Input: n=4, connections=[[0,1],[1,2],[2,0],[1,3]] → Output: [[1,3]]
Use Tarjan's bridge-finding algorithm with discovery time and low values. An edge (u,v) is a bridge if low[v] > disc[u].
- DFS with timer tracking disc[u] and low[u].
- low[u] = min(disc[u], disc[neighbor]) for all back edges, min(low[child]) for tree edges.

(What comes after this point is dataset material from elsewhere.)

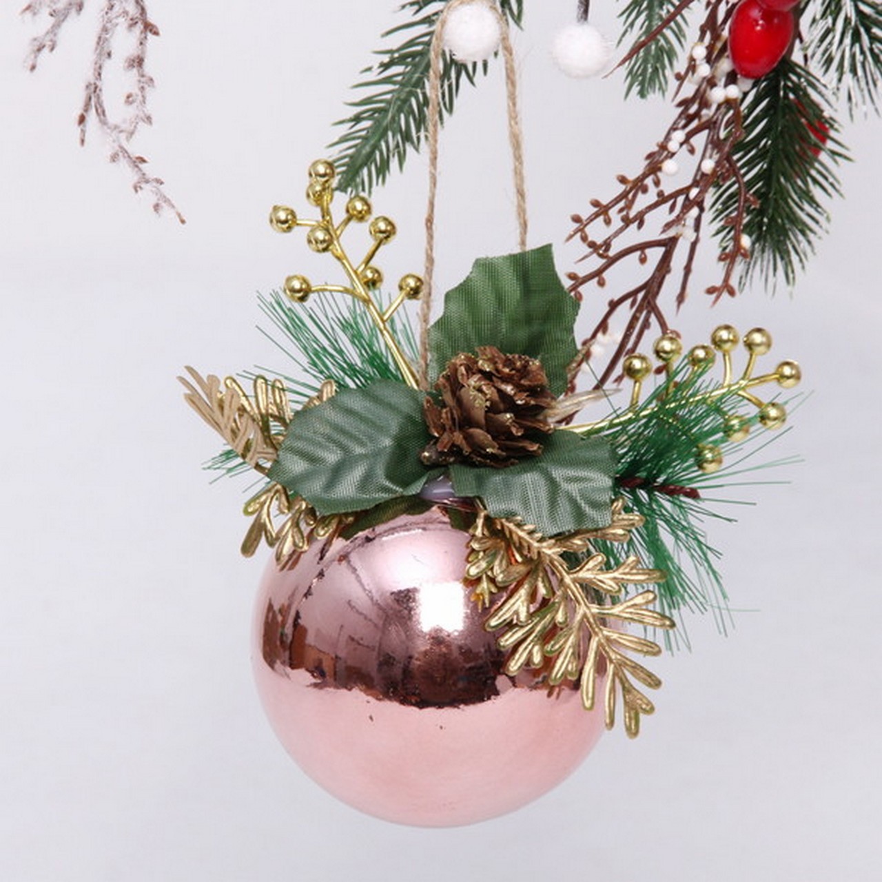 Шар новогодний "Лесное чудо" 8 см, Розовое золото

- For each tree edge (u,v): if low[v] > disc[u], it is a bridge.
- Collect all bridges.
import java.util.*;
class Solution {
int timer = 0;
int[] disc, low;
List<List<Integer>> res = new ArrayList<>();
public List<List<Integer>> criticalConnections(int n, List<List<Integer>> connections) {
disc = new int[n]; low = new int[n];
Arrays.fill(disc, -1);
List<List<Integer>> graph = new ArrayList<>();
for (int i = 0; i < n; i++) graph.add(new ArrayList<>());
for (List<Integer> c : connections) { graph.get(c.get(0)).add(c.get(1)); graph.get(c.get(1)).add(c.get(0)); }
for (int i = 0; i < n; i++) if (disc[i] == -1) dfs(graph, i, -1);
return res;
}
private void dfs(List<List<Integer>> graph, int u, int parent) {
disc[u] = low[u] = timer++;
for (int v : graph.get(u)) {
if (v == parent) continue;
if (disc[v] == -1) {
dfs(graph, v, u);
low[u] = Math.min(low[u], low[v]);
if (low[v] > disc[u]) res.add(Arrays.asList(u,v));
} else low[u] = Math.min(low[u], disc[v]);
}
}
}
- Time Complexity: O(V+E)
- Space Complexity: O(V+E)